CABG adalah membuat bypass pada sumbatan arteri dengan vena klien sendiri atau
pembuluh darah arteri atau sintetik graft (Ignatavicius dan Workman, 2006).
2. Tujuan
Tujuan prosedur tandur pintas arteri koronaria (coronary artery bypass graft, CABG)
adalah meningkatkan aliran darah ke miokardium yang mengalami iskemia akibat lesi
aterosklerotik stenotik atau obstruktif di arteri koronaria (Gruendemann, Barbara J.
2005).
3. Indikasi
a. Pasien penyakit jantung koroner (PJK) yang dianjurkan operasi CABG adalah
pasien yang hasil kateterisasi jantung ditemukan adanya:
1. Penyempitan >50 % dari left main disease atau left main equivelant yaitu
penyempitan menyerupai left main arteri misalnya ada penyempitan bagian
proximal dari arteri anterior desenden dan arteri circumflex.

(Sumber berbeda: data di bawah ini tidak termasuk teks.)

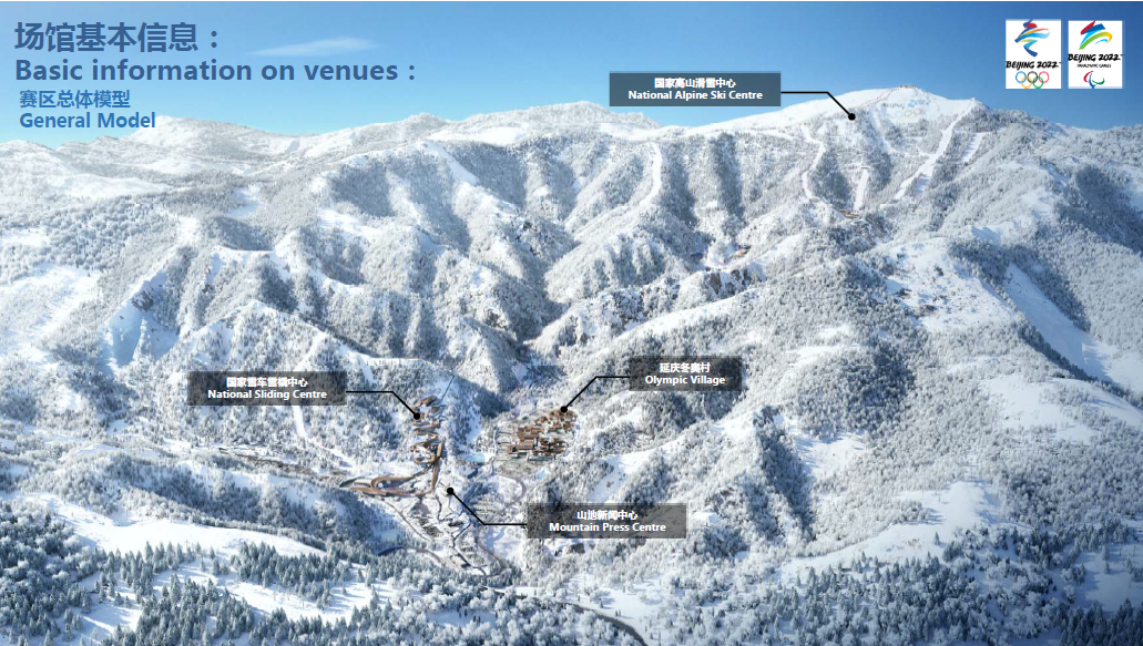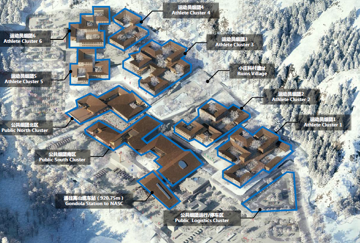 延慶冬奧村位于延慶賽區核心區南區東部,緊鄰賽區安檢廣場和山下纜車站,地處海坨山腳下是一塊相對平緩的臺階式坡地。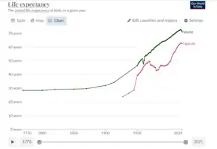 According to the recently conducted national survey in 2024, Uganda's population stands at 45.9 million.[1] Health status is measured by some of the key indicators such as life expectancy at birth, child mortality rate, neonatal mortality rate and infant mortality rate, maternal mortality ratio, nutrition status and the global burden of disease. The life expectancy of Uganda has increased from 39.3 in 1950 to 62.7years in 2021.[2] This is lower below the world average which is at 71.0 years.[3] The fertility rate of Ugandan women slightly increased from an average of 6.89 babies per woman in the 1950s to about 7.12 in the 1970s before declining to an estimate 4.3 babies in 2019.[4] This figure is higher than the world average of 2 and most world regions including South East Asia, Middle East and North Africa, Europe and Central Asia and America.[5] The under-5-mortality-rate for Uganda has decreased from 191 deaths per 1000 live births in 1970 to 41 deaths per 1000 live births in 2022.
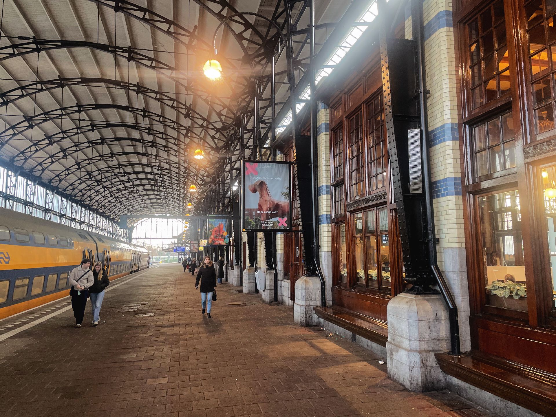 V neděli odjíždíme v 6:03 z hlavního nádraží Centraal. Je zde zvláštní mix lehce zívajících cestujících, kteří museli vstát dříve před další cestou a zejména mladších vracejících se z dlouhé sobotní noci.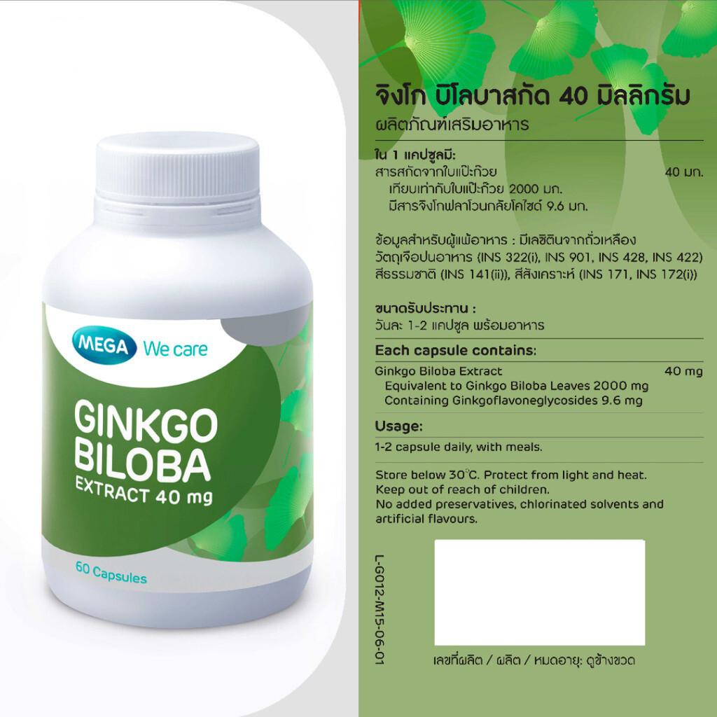 MEGA We care เมก้าวีแคร์ GINKGO BILOBA จิงโกบิโลบาสกัด 60 แคปซูล [PC]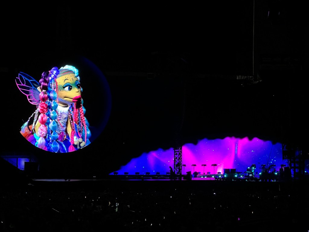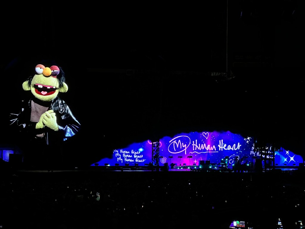 A few other noteworthy moments: the audience doing the wave several times around the stadium, large beach balls bouncing through the crowd, the “aliens,” the remote-controlled planets drifting lazily around the perimeter of the floor, our LED wrist bands flashing in sync and changing colors throughout the stadium (except The Claw’s, which was a minor bummer…one defective light among 76,125 is pretty good), punk rock puppets (“The Weirdos”) singing “Human Heart,” and the fireworks that closed the show.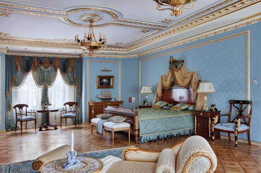 Ампир. Отличительная черта – императорская роскошь, какую подчеркивают позолоченные детали лепнины. В дизайне интерьера непременно обязаны быть тяжеловесные предметы мебели из дорогих пород красного дерева. Свойственный рисунок – воинственная символика: орел, стрела, копье, лавровый венок, ветвь дуба и лук.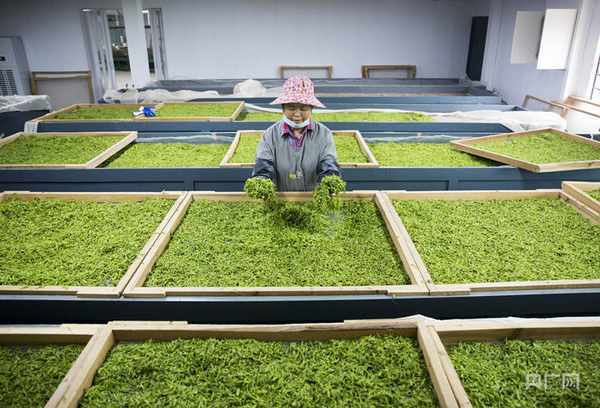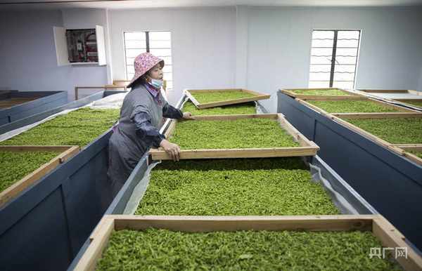 制茶工人在车间内翻晒茶青(央广网发 傅建斌 摄)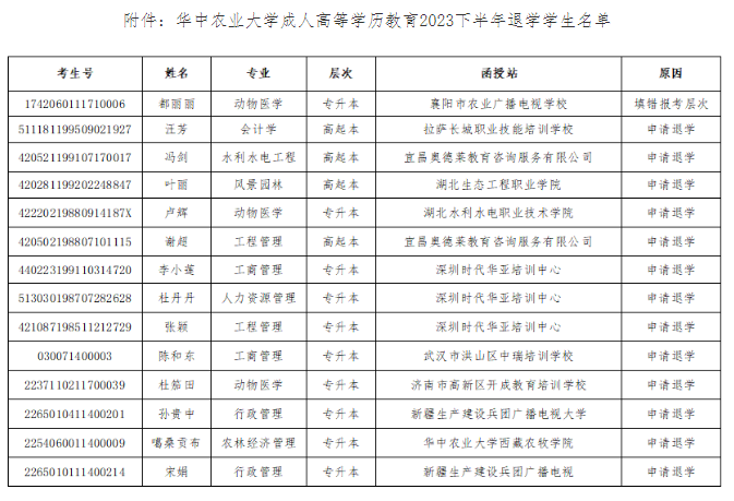 2023年華中農(nóng)業(yè)大學(xué)成教下半年退學(xué)學(xué)生公示已經(jīng)公布了,下面我們就一起來看看都有哪些同學(xué)申請(qǐng)了退學(xué)。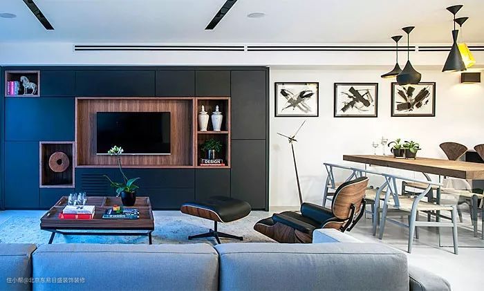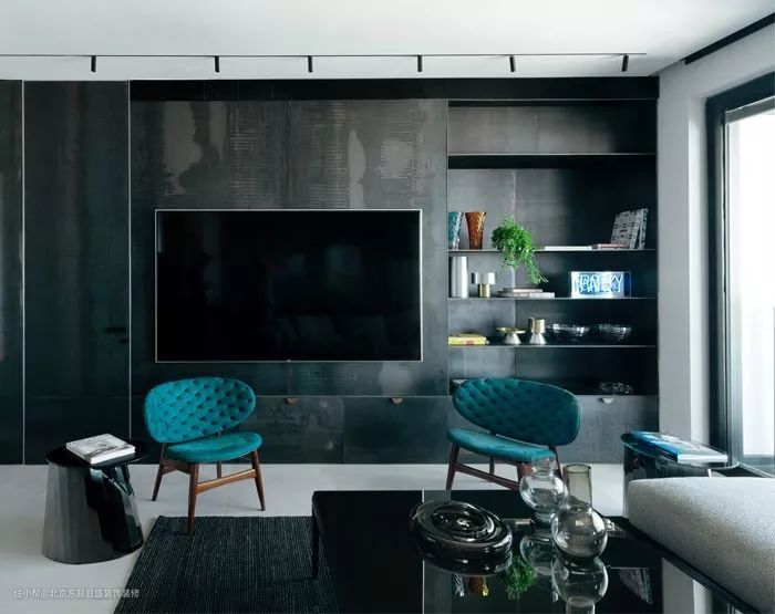 黑白蓝三色布局,电视与黑色的柜子、小茶几、暖器相互呼应。

2. Penderita dengan 3 vessel disease yaitu 3 arteri koroner semuanya mengalami
penyempitan bermakna yang fungsi jantung mulai menurun (EF:<50%>.
3. Penderita yang gagal dilakukan balonisasi dan stent.
4. Penyempitan 1 atau 2 pembuluh namun pernah mengalami gagal jantung.
5. Anatomi pembuluh darah suitable (sesuai) untuk CABG.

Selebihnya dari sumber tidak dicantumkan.